Sabemos que existen un sinfín de reproducciones de la estatua de David, pero en el siglo XVI la pieza retuvo su aura original, o como lo define Benjamin: "el fenómeno único de la distancia". Cualquiera que visite Galleria dell'Accademia en Florencia, donde el David se encuentra hoy en día, podrán darse cuenta que aun ésta retiene algo de aquél poder del aura. Aunque siendo uno de los objetos mas conocidos del imaginario del Occidente, la experiencia de ver la estatuilla sigue siendo embelezando a las masas que se aproximan para mirar. Pero ver el David en un museo lleno de gente no es lo mismo que haberlo visto en la plaza renacentista del siglo XVI. Mucha de la atracción que hoy tiene esta pieza, se debe en parte a sus copias. Las obras de arte siempre han podido insertarse en diferentes contextos, así cambiándoles el sentido, ya que siempre es posible reproducir una obra de arte.

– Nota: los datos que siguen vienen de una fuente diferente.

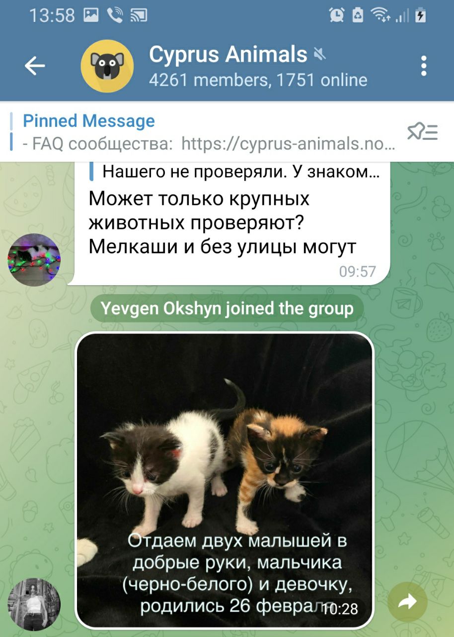 23/3 вчера выставляли котят. И еще ранее в чате, если поискать есть малыши котята.

Sin embargo, con la invención de la fotografía en el siglo XIX, la idea de reproductibilidad destruyó las cualidades estéticas del aura.

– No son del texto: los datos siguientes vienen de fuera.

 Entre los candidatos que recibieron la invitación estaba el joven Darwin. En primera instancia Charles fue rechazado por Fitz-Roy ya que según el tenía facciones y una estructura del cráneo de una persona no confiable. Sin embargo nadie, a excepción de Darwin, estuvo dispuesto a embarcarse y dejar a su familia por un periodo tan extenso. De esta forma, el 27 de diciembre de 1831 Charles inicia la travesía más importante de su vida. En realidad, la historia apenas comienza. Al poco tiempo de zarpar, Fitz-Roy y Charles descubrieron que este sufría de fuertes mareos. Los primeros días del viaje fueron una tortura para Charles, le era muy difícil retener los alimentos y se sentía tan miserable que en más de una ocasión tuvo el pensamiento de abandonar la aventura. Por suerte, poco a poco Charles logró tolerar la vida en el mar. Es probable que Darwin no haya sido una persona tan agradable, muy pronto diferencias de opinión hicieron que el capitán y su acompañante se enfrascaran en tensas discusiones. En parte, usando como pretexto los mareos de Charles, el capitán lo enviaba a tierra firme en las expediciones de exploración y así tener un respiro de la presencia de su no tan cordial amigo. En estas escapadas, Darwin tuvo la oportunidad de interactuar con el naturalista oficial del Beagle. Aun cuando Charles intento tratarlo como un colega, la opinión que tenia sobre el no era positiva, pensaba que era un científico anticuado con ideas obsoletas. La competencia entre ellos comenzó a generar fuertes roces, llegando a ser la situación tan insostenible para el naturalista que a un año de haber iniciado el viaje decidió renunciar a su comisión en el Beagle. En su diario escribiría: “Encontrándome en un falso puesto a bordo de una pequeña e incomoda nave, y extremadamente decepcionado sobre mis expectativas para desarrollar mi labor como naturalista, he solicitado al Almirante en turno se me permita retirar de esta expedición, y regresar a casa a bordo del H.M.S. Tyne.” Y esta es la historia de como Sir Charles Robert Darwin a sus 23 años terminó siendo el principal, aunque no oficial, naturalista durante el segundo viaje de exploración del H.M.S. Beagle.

El siglo diecinueve atravesó por la segunda gran crisis de la belleza. Por primera vez fue posible reproducir una copia perfecta de una obra de arte y distribuirla a escala masiva. Ya no era necesario viajar por el mundo para contemplar obras de arte, pues las obras se podían ver por todos y en todos los lugares sin necesidad del original. Durante este siglo hubo incursiones en crear pinturas y esculturas para un consumo en masa – como las tecnologías proto-cinemáticas de los panoramas, aunque estos intentos fueron fallidos. La reacción a la declinación del aura del arte, "el arte por el arte", creó a su vez una nueva teología del arte. El "Arte Puro" buscaba negar toda función o categorías sociales del arte. La fotografía misma en sus inicios intentó emular el culto por el valor estético. Las primeras fotografías del siglo XIX retrataban el rostro, que alimentaba el culto por el recuerdo y la presencia. El aura tuvo su último suspiro en el rostro fotografiado, arguyó Benjamin.

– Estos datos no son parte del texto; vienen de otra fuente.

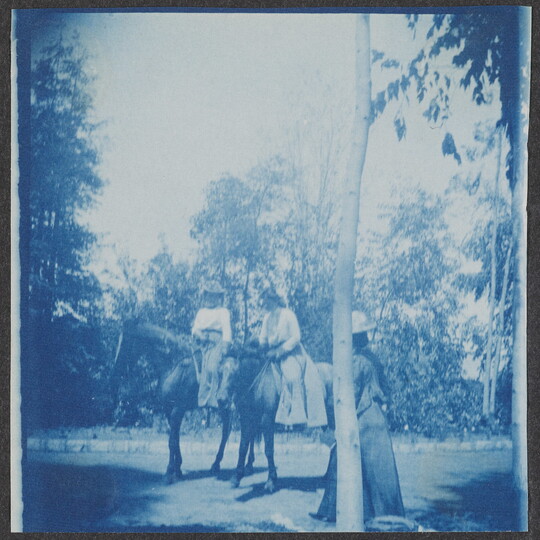 [Two women mounted on horses, another looking on], ca. 1900-1910

Creo que nadie se atrevería, incluyendo a Walter Benjamin, ha pensar que una fotografía del David es exactamente lo mismo que la experiencia de verla en el museo. Por ejemplo, para tener el impacto de los Lirios de Agua de Monet, es imprescindible viajar al MOMA. Aunque en el mundo actual, repleto de imágenes universales, ya no contemplamos la obra de arte, sino que la registramos y seguimos nuestro paso. El Rothko Chapel, es una muestra de cómo el valor contemplativo del arte ha declinado, ya que es necesario construir un espacio arquitectónico para filtrar el ruido de otras imágenes. La "reproductibilidad mecánica" significa que el arte hoy solo se puede apreciar como una forma de distracción. Creo que lo mismo se puede decir de todo lo que nos rodea. Como resultado del desarrollo de la reproductibilidad mecánica, la forma artística más importante del siglo XX se basa en pura distracción: el cine.

___
*(Traducción del inglés por Gerardo Munoz. Octubre del 2009)
Richard Prouty
Octubre 2009

3 comments:

Laberintos said...

Te aseguro y no sé si lo has sentido, que ver el David en vivo y en directo te situa literalmente en un "estado de gracia". Siempre leo tus entradas y varias veces no me permite comentarlas. Veamos si esta vez tego más suerte. Un abrazo y muchas gracias por estas delicias para la mente.

Gerardo Muñoz said...

Hombre (o mujer, aun no se su nombre, pero bueno, poco importa, vale la amistad y no las categorias), muchas gracias, y agradezco que pases por aqui, yo tambien cuando tengo tiempo paso por su espacio. Que curioso, porque no hace mucho una amiga me dijo lo mismo acerca de los comentarios, y no lo tome en serio. Es algo raro, en fin, los "duendes de la tecnologia" sabran.
Un abrazo Laberintos,

G

rmprouty said...

I can't really read Spanish any more--no practice for a long time--but this looks great! Thanks for translating.